The plant, close to the front line and the town of Enerhodar, has come under heavy shelling in recent weeks.
Moscow blames Kyiv for the shelling, whereas Ukrainian authorities insist Russia is responsible for the attacks.
The International Atomic Energy Agency (IAEA) has repeatedly called for independent inspection of the facility and an immediate stop to shelling in close proximity to the nuclear plant.
On Tuesday afternoon, the IAEA reported that it had been told by Ukrainian authorities that laboratory and chemical facilities in Zaporizhzhia had been damaged by shelling over the weekend.
The organisation said transformers at a nearby thermal power plant had sustained damage, which had disrupted a power line linking the two facilities on Monday.

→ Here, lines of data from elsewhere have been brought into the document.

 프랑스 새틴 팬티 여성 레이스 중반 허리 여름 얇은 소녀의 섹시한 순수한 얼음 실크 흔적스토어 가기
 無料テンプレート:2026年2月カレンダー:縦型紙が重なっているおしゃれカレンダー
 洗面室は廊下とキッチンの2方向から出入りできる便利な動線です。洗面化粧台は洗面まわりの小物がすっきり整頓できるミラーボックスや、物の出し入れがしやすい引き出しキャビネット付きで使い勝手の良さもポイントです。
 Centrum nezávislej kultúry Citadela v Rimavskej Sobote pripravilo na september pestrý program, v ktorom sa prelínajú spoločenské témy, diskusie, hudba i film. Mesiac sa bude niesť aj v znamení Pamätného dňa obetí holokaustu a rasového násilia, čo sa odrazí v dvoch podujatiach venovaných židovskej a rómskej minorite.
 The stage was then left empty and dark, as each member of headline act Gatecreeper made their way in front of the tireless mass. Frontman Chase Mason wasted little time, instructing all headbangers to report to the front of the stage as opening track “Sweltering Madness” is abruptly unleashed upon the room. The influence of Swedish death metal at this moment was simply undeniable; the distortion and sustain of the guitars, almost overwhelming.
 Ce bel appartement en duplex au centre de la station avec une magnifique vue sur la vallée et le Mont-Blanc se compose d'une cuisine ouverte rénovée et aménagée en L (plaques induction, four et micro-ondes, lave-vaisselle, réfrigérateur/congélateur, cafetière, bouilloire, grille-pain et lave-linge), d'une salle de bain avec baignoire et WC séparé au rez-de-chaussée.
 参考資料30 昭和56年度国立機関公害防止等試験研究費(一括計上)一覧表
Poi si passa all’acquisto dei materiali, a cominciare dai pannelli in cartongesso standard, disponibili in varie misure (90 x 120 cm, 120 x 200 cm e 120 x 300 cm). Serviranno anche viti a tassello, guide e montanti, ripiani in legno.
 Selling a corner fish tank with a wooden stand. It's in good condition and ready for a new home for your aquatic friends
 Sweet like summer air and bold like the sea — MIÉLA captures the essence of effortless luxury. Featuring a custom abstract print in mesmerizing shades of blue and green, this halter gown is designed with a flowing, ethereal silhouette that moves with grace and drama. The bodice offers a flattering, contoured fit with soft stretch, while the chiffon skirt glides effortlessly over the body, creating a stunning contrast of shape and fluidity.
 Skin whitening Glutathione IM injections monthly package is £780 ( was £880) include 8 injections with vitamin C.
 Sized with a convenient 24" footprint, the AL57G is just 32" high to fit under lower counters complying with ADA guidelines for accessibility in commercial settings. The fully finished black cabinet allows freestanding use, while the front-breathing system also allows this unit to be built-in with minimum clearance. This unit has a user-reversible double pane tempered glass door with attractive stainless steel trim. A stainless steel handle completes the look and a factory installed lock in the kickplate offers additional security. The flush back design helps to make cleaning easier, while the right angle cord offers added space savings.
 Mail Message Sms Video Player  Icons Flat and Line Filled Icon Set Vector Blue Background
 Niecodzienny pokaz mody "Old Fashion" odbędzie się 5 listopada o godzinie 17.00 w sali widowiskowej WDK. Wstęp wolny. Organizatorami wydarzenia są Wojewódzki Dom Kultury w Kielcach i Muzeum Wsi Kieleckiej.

The connection was then restored after several hours.
On Monday, the former head of the nuclear facility described the situation at Zaporizhzhia as “very bad now”, and “worsening all the time”.
Petro Kotin told Sky News: “Over the last three weeks, there’s been an increase of shelling at the site.
“The actions from Russia increase the danger to nuclear and radiation safety onsite.
Also, the conditions of our staff there are really decreasing.”
He added: “They captured about 1,100 personnel from the site, and they kept them in their facilities, the captured facilities and police facilities in the town of Enerhodar.
“One person was killed, another person was heavily wounded.”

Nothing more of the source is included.